> TASK BRIEF: Leave every picture out, and give again exactly the lines from the one containing "黔南民族职业技术学院2025" through the end of the listing.

> GIVEN DATA:
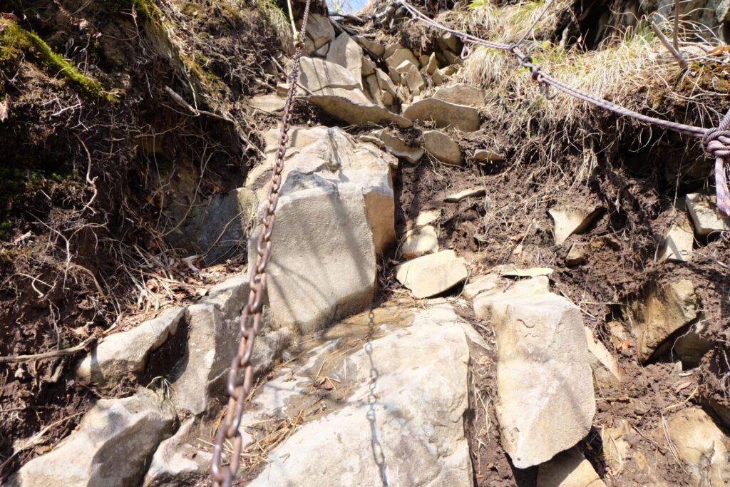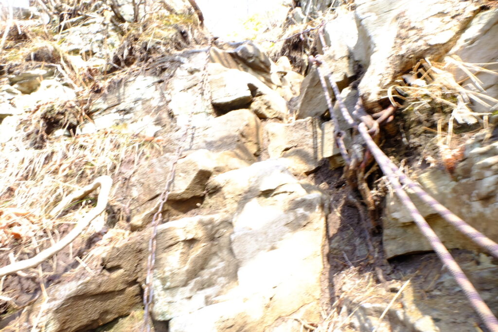 スノーシューに履き替えた後、すぐに鎖場![]()
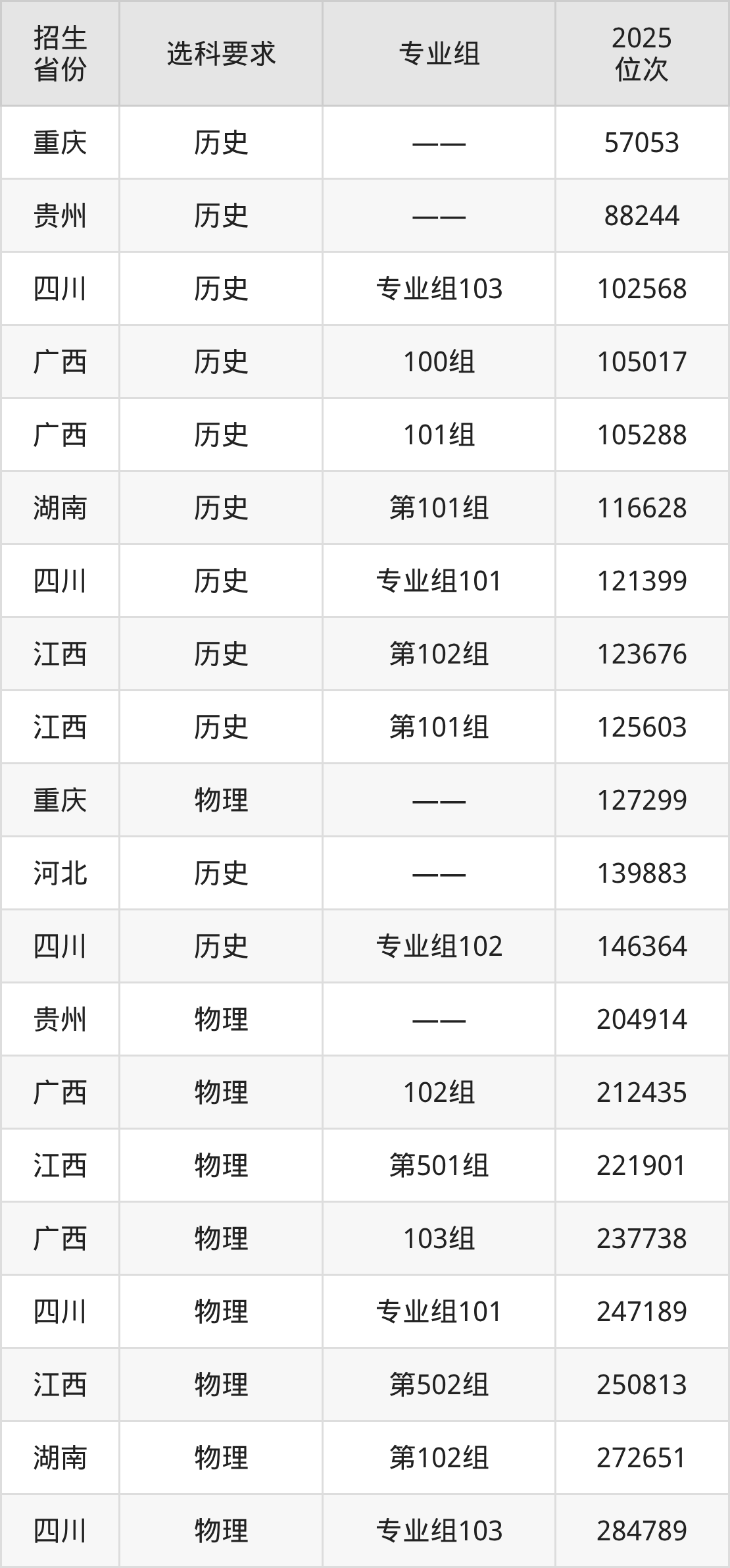 黔南民族职业技术学院2025年在全国各省的位次差异较大,最高位次是57053位(重庆历史类)、最低位次是322236位(河北物理类)。各省具体位次请看下图:
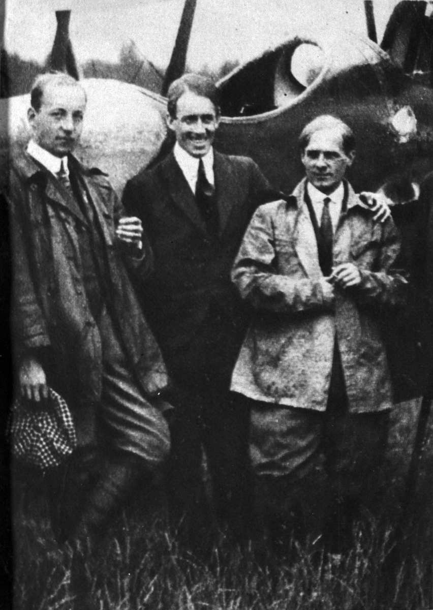 Grupporträtt av tre män framför en flygplan Phönix Dront på Malmen, omkring 1920. Edmund Sparmann till vänster och Max Perini till höger. Oidentifierad man i mitten.
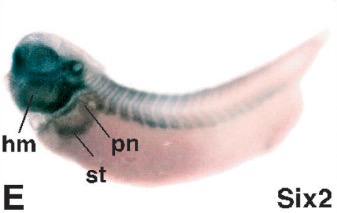six2 (SIX homeobox 2) gene expression in Xenopus laevis embryo, assayed via in situ hybridization, NF stage 28/29, lateral view, anterior left, dorsal up.

> SOLUTION FOR THIS TASK:
 黔南民族职业技术学院2025年在全国各省的位次差异较大,最高位次是57053位(重庆历史类)、最低位次是322236位(河北物理类)。各省具体位次请看下图:
 Grupporträtt av tre män framför en flygplan Phönix Dront på Malmen, omkring 1920. Edmund Sparmann till vänster och Max Perini till höger. Oidentifierad man i mitten.
six2 (SIX homeobox 2) gene expression in Xenopus laevis embryo, assayed via in situ hybridization, NF stage 28/29, lateral view, anterior left, dorsal up.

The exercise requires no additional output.